Well the nature of commerce does owe quite some allegiances to religion. At least the creation of its nature. To show this was the point of the life work of Max Weber. Our commerce developed out of the protestant ethics. Its no surprise that it was england, the protestant country, that started with a big winnig margin (almost 100 years) with the industrial revolution and it was the catholic countries that hinged behind most. Catholic ethics was: Who is poor and renunciative in this life, will have a good position in the afterlife. Protestant ethics on the other hand: who is in the favor of god (and thus have a good position in the afterlife), will have him showing this publicly already in this life. And so developing wealth was at first a religious act, the protestants didn't want you to stop working, when you think you had enough (that was evil), however if you continued to work, and its successfull, you are going to have real good place in the afterlife. Oe can see how this behaves just like the business mentality we know today. Somewhere along the way this got robbed its religious content. And as in the beginning this mentality was a free religious decision of its supporters to life their life that way, we are today more or less forced by society to do so, without any spiritual content. Thats famous "iron cage" Weber pointed at.


Quote:
Of course, even those who believe in human (or Divine) inspiration also have to consider that the human-invented Scientific Method is also responsible for many "ideas," but arrived at in a more engineered sense. Edison's New Jersey facility is a textbook example of the process of starting with a desired result, experimenting thoroughly, developing provable conclusions, and refining until the desired result is reached... the famous "10% inspiration, 90% perspiration" that defined 19th and 20th Century innovation.
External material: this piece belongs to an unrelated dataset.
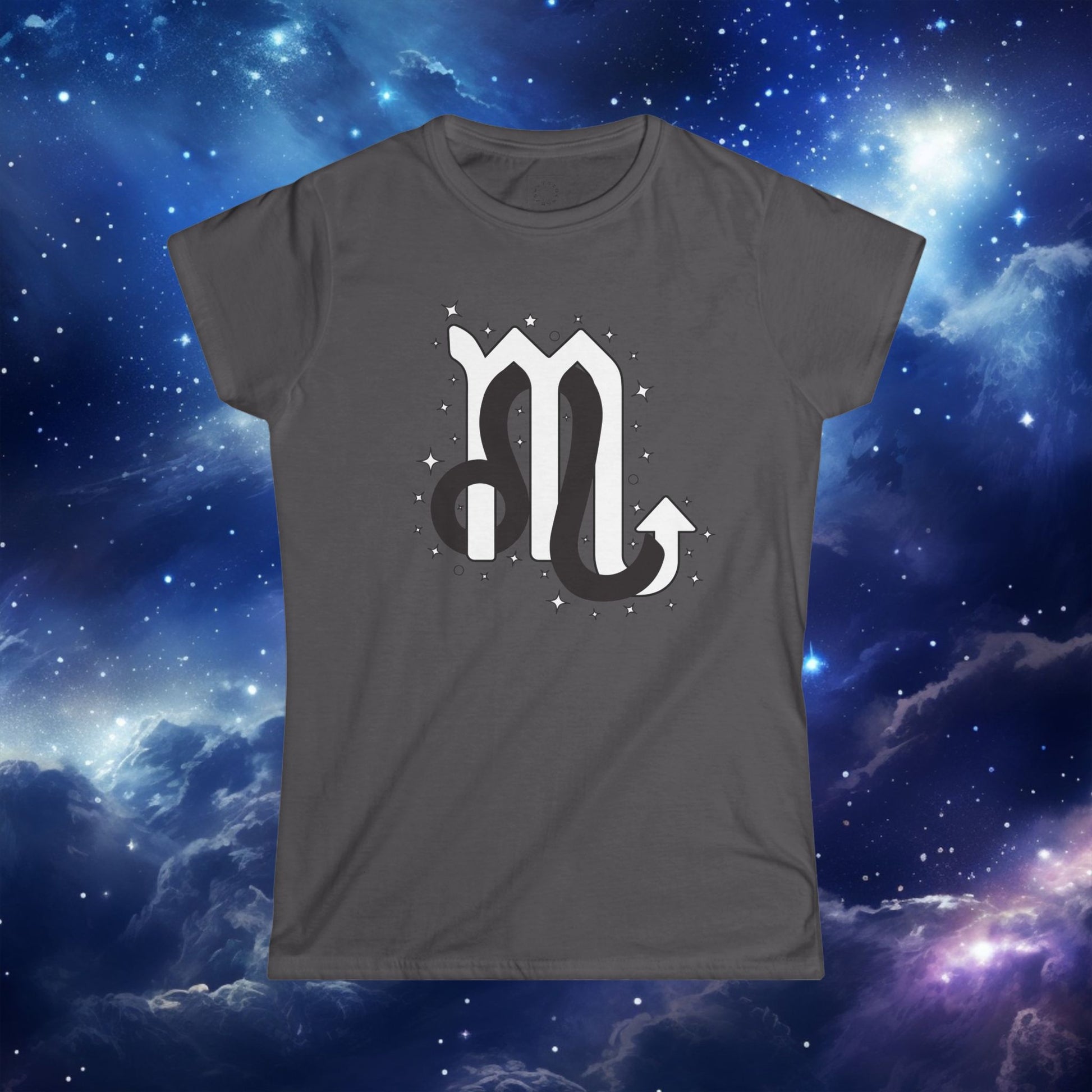 Astrology Zodiac Women's Softstyle Tee Leo and Scorpio with Love Description on Back

I totally agree, for me is "thinking is handcraft", okay you sometimes have suprising ideas, that seem to come out of the nowhere, but as everyone will tell you, you need to systimatically induldge into a topic, to come out with a result. The human as "meat processor" Thats however the oppinion to the source of ideas that got contested and I felt to want to defend with a big wall of text.

Quote:
The "ideas" that came from such sources were more easily assigned ownership, simply because the first person/group to be able to demonstrate an idea was awarded ownership. Again, it may not have been completely accurate... maybe someone else thought of it elsewhere, but didn't build it... but as the point of patent and copyright was always to encourage commerce, the props were given to the person/group that could promote commerce.
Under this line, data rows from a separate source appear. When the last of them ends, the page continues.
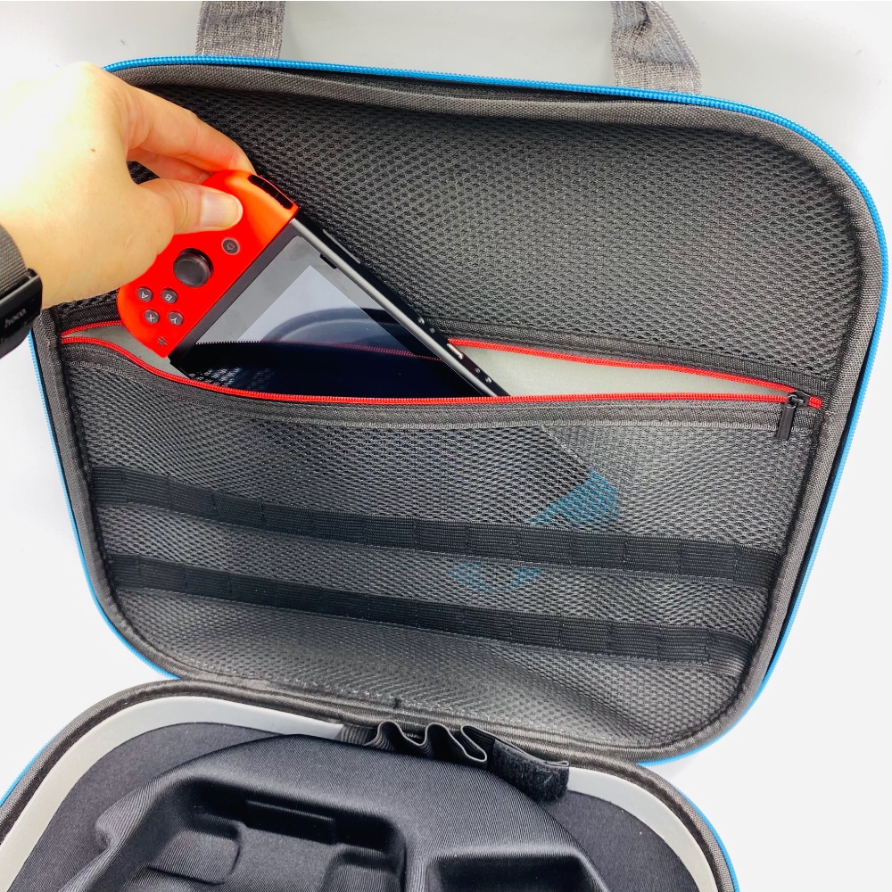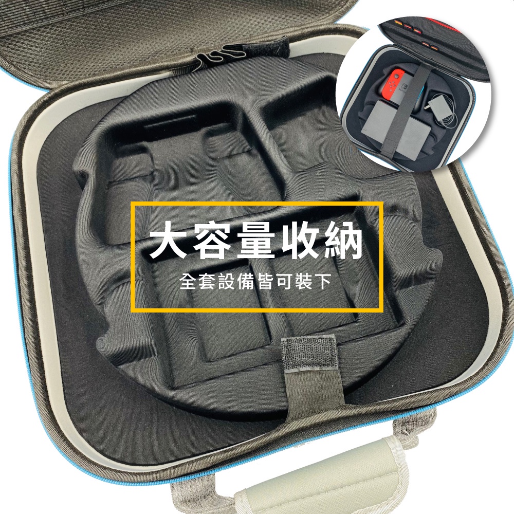 Switch健身環收納便攜包 收納包 保護殼 全配件收納 副廠灰色|黑色無圖案|升級版全配硬箱-灰Okade
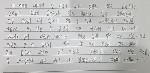 원장 선생님과 다른 분들께서 검사 중 많이 도와주셨기에 편안한
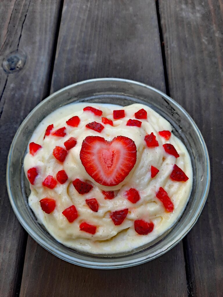 Here is one of our favorite dessert recipes! It doesn’t require extensive preparation and we can make it in less than 15 minutes. This is the blueberry version of this recipe. Other versions are coming soon!

Just a sitenote. One has not to build a machine prior at all to patent it. You can patent things you are even unable to build (yet). You do not even have to proof something works, it just needs to be original (and not a perptuum mobile, as these get rejected apriori) Only if you don't even assume something might work, you won't bother with the patent fees.

Quote:
Apparently there are many who believe we would be better off if the system was designed to "take" a patent or copyright from someone who cannot or refuses to use it, and "bestow" it upon someone who says they will. In other words, if someone else can profit better from my idea, they would have the legal right to take it.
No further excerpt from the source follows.